◆ **RECORDS TO USE**:
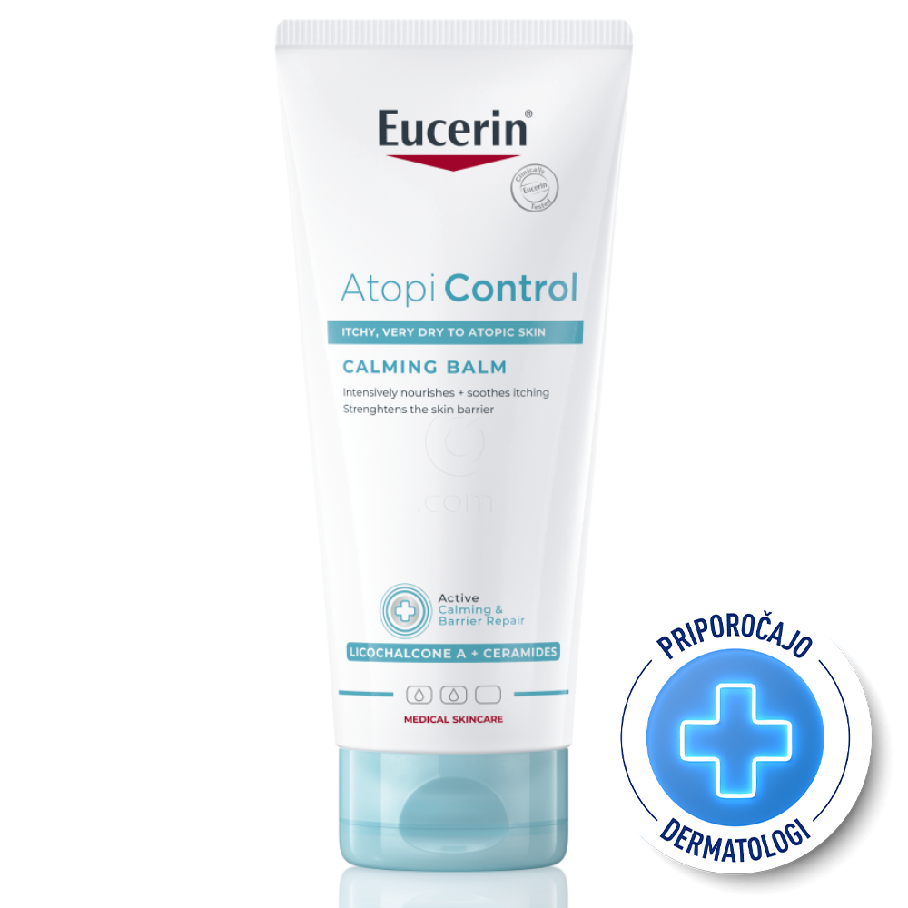 Eucerin AtopiControl balzam je balzam za telo za vsakodnevno uporabo, ki je bil posebej razvit, da pomiri in intenzivno navlaži razdraženo in srbečo kožo. Lahek in negovalen balzam, ki je po sestavi olje v vodi, je obogaten s pomirjajočim licochalconom A, ceramidi in karitejevim maslom, da okrepi bariero kože, zmanjša suhost in ublaži srbečico.
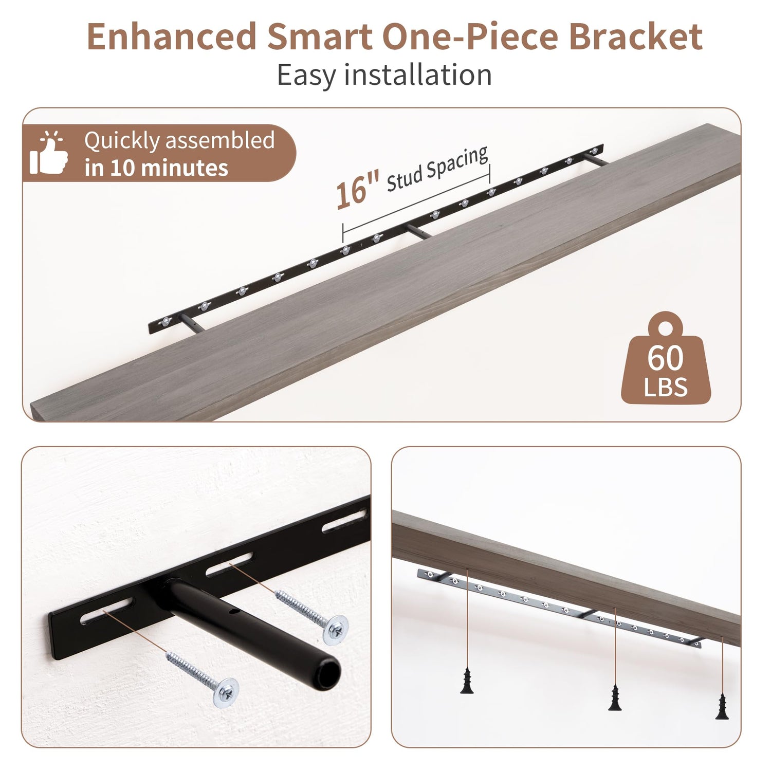 - Smart Mounting System: Our storage shelves have a heavy-duty hidden bracket that can be easily installed into wall studs, with each floating wall shelf capable of holding up to 60 lbs. The flush mount design ensures that the metal brackets are invisible after installation, while screws at the bottom secure the floating shelves from sliding off
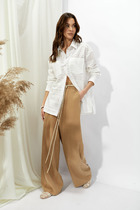 Базовую женскую блузку из льна можно заправить и тем самым подчеркнуть талию, или носить расслаблено на выпуск — низ на резинке позволяет чувствовать комфорт при носке в любом виде.
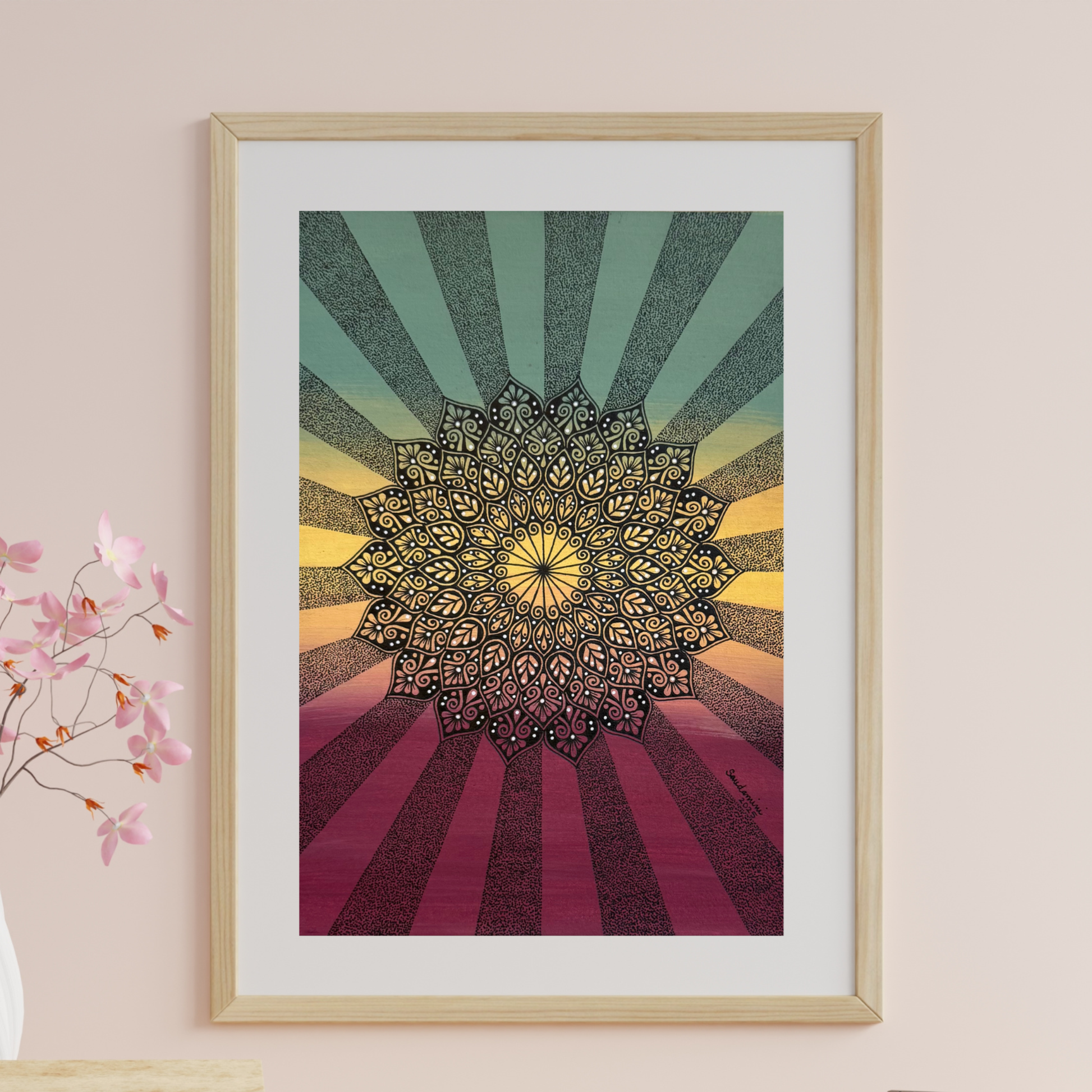 After the long night comes a quiet glow. Witness the profound beauty of this exquisitely rendered mandala, where luminous patterns emerge from shadowed depths.
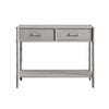 - Complete the look: Pictured with the Elstowe Warm Grey Faux Bamboo Console Table is our Evie Hand Braided Jute Scallop Navy Blue Round Rug, Fyne Aegean Blue Velvet Weathered Oak Rattan Armchair and Ikat Dusty Blue Hand Embroidered Cushion.
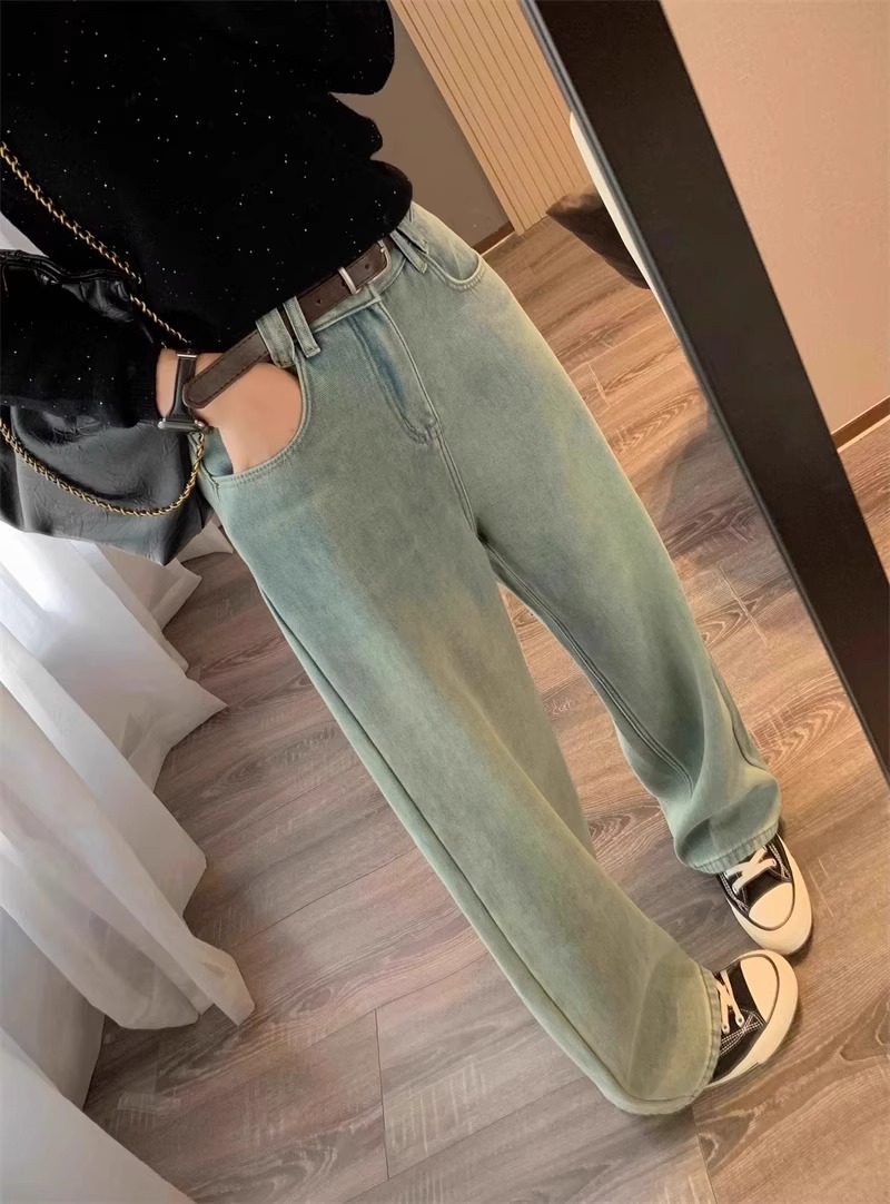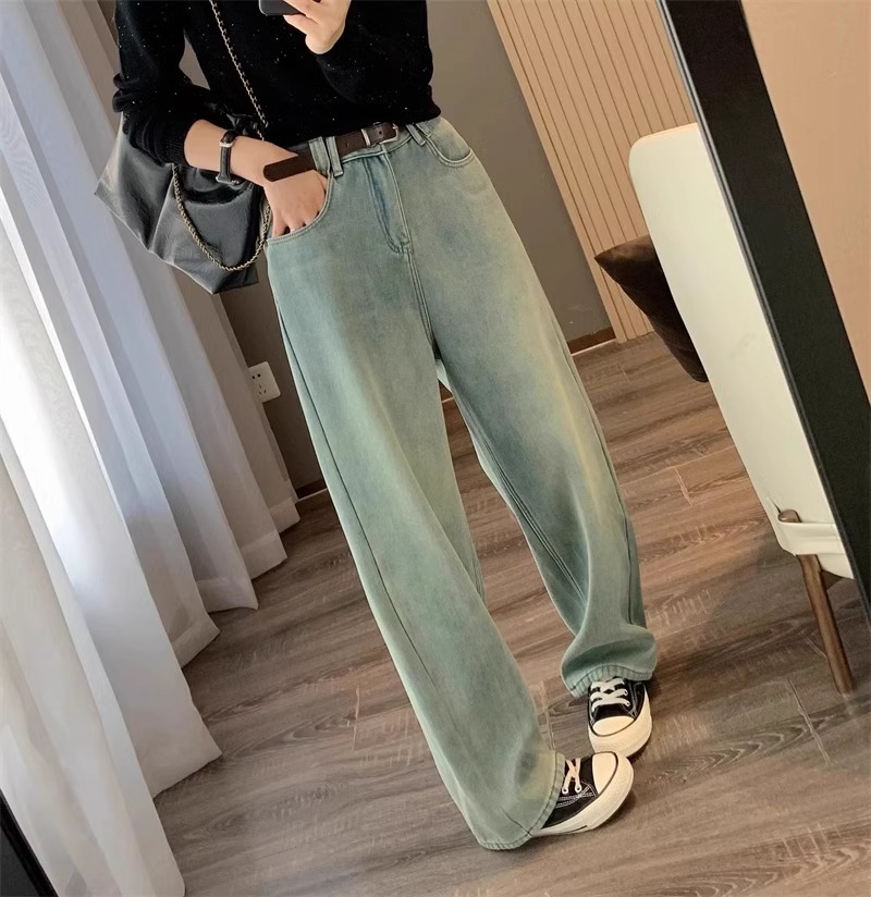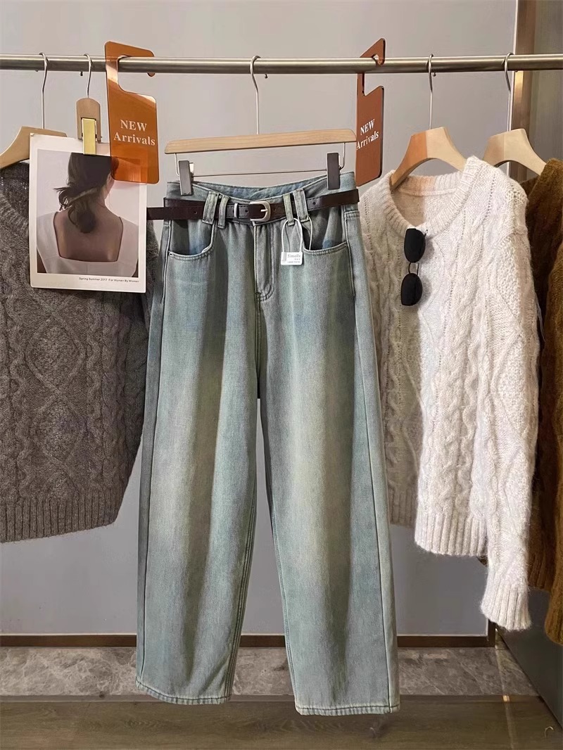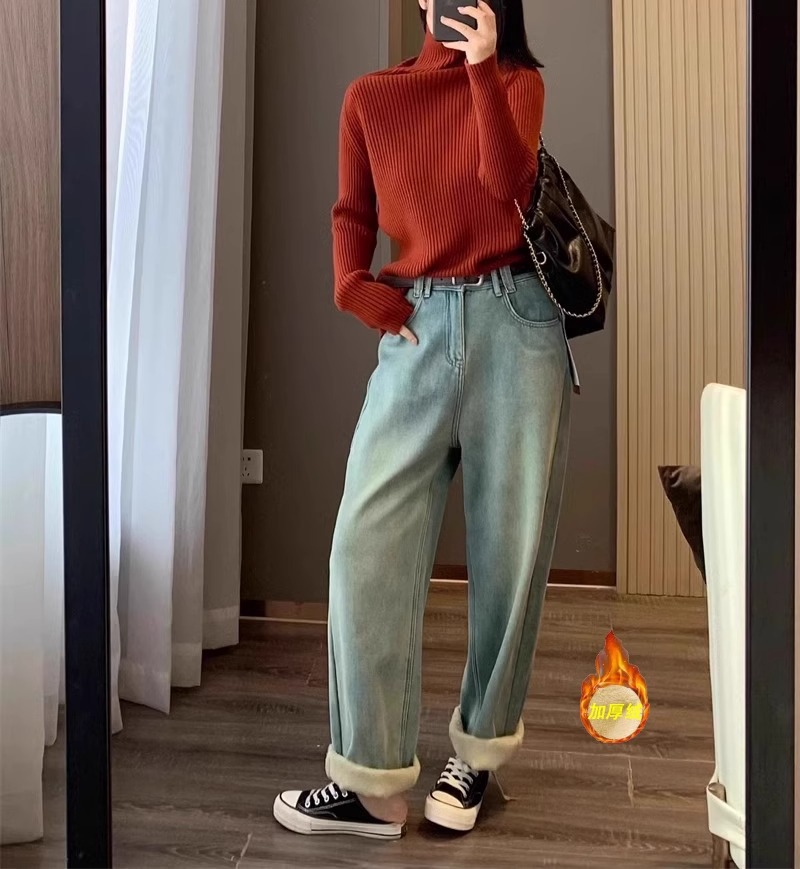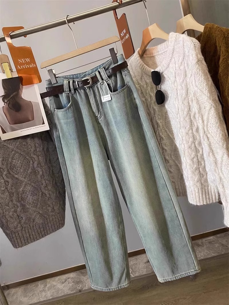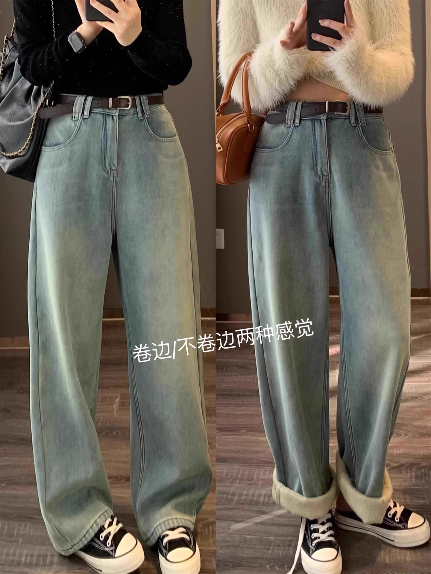 틈새 기모 따뜻한 하렘 청바지 여성의 가을과 겨울 느슨한 슬리밍 스트레이트 아빠 바지 올해 인기스토어 가기
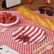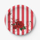 Paper Plates, Red & White Stripe Red Rose Floral Plate
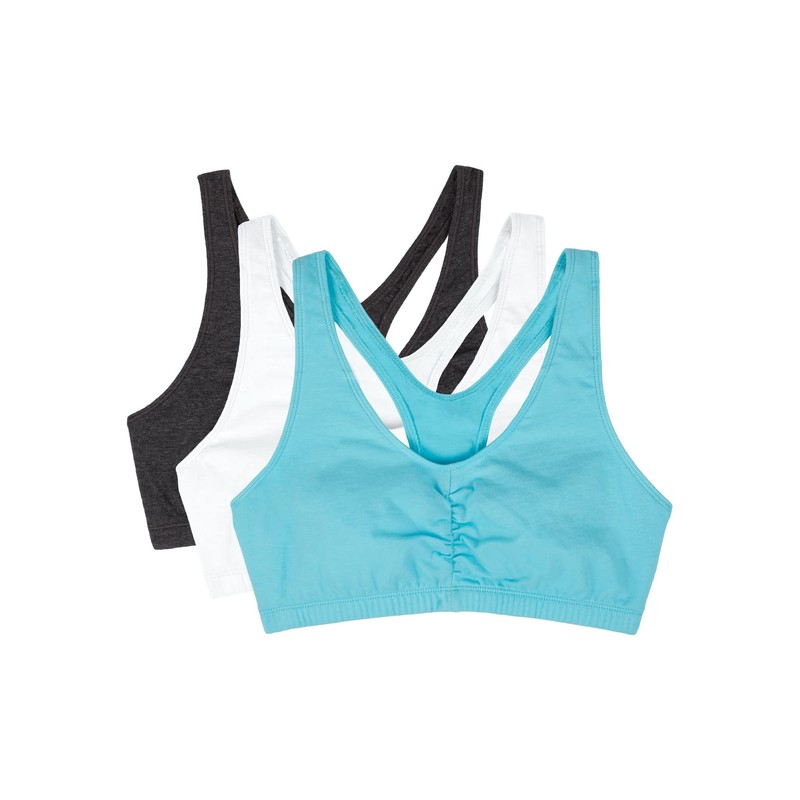 Fruit of the Loom Women's Adjustable Shirred Front Racerback Sports Bra, Turquoise/White/Charcoal, 36
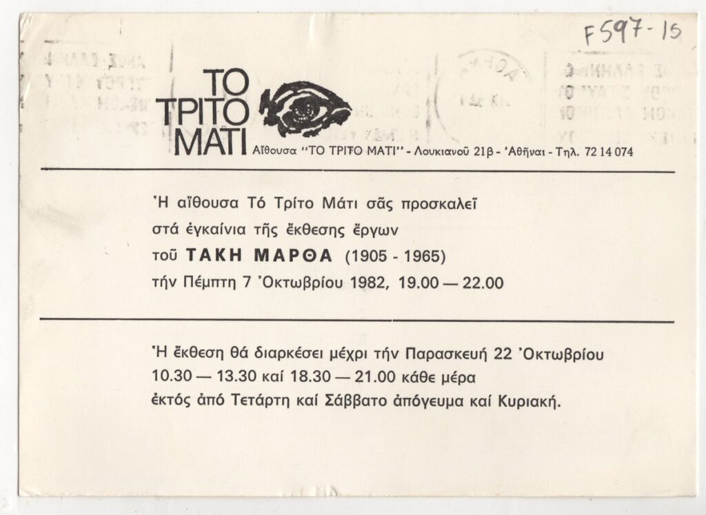 Πρόσκληση, χαρτόνι, 12,5×17,5 εκ., στα ελληνικά, εγκαινίων ατομικής έκθεσης του Τάκη Μάρθα. Η πρόσκληση βρέθηκε απεσταλμένη στο ζεύγος Σπητέρη.
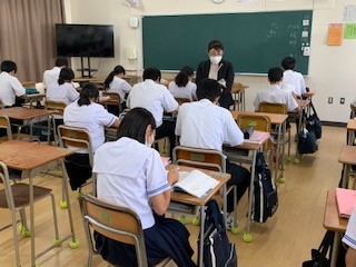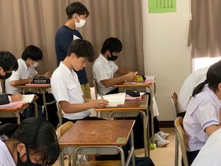 大阪市教育委員会から堀田千秋総括指導主事先生に来ていただき、リーディングスキルテストの視点を生かした授業づくり・実践をお願いしました。今日と来週11日の2回、3年生の国語の授業を行っていただきます。今日は魯迅の「故郷」の第1限目です。中学校で学ぶ文学作品のなかでは一番難しいとされるもので、堀田先生による範読の後、わからない言葉や表現、文章の意味、感想、疑問、気づいたことを配布されたプリントに各自で列記していく活動をしました。生徒への質問や指示の投げかけ方、起こるべき事柄を示して未然に考えさせることなど、参観させていただいた先生方に大変勉強になりました。

◆ **GOAL OF THE EXERCISE**: Reproduce every entry exactly; images stay out.

◆ **THE ANSWER**:
 Eucerin AtopiControl balzam je balzam za telo za vsakodnevno uporabo, ki je bil posebej razvit, da pomiri in intenzivno navlaži razdraženo in srbečo kožo. Lahek in negovalen balzam, ki je po sestavi olje v vodi, je obogaten s pomirjajočim licochalconom A, ceramidi in karitejevim maslom, da okrepi bariero kože, zmanjša suhost in ublaži srbečico.
 - Smart Mounting System: Our storage shelves have a heavy-duty hidden bracket that can be easily installed into wall studs, with each floating wall shelf capable of holding up to 60 lbs. The flush mount design ensures that the metal brackets are invisible after installation, while screws at the bottom secure the floating shelves from sliding off
 Базовую женскую блузку из льна можно заправить и тем самым подчеркнуть талию, или носить расслаблено на выпуск — низ на резинке позволяет чувствовать комфорт при носке в любом виде.
 After the long night comes a quiet glow. Witness the profound beauty of this exquisitely rendered mandala, where luminous patterns emerge from shadowed depths.
 - Complete the look: Pictured with the Elstowe Warm Grey Faux Bamboo Console Table is our Evie Hand Braided Jute Scallop Navy Blue Round Rug, Fyne Aegean Blue Velvet Weathered Oak Rattan Armchair and Ikat Dusty Blue Hand Embroidered Cushion.
 틈새 기모 따뜻한 하렘 청바지 여성의 가을과 겨울 느슨한 슬리밍 스트레이트 아빠 바지 올해 인기스토어 가기
 Paper Plates, Red & White Stripe Red Rose Floral Plate
 Fruit of the Loom Women's Adjustable Shirred Front Racerback Sports Bra, Turquoise/White/Charcoal, 36
 Πρόσκληση, χαρτόνι, 12,5×17,5 εκ., στα ελληνικά, εγκαινίων ατομικής έκθεσης του Τάκη Μάρθα. Η πρόσκληση βρέθηκε απεσταλμένη στο ζεύγος Σπητέρη.
 大阪市教育委員会から堀田千秋総括指導主事先生に来ていただき、リーディングスキルテストの視点を生かした授業づくり・実践をお願いしました。今日と来週11日の2回、3年生の国語の授業を行っていただきます。今日は魯迅の「故郷」の第1限目です。中学校で学ぶ文学作品のなかでは一番難しいとされるもので、堀田先生による範読の後、わからない言葉や表現、文章の意味、感想、疑問、気づいたことを配布されたプリントに各自で列記していく活動をしました。生徒への質問や指示の投げかけ方、起こるべき事柄を示して未然に考えさせることなど、参観させていただいた先生方に大変勉強になりました。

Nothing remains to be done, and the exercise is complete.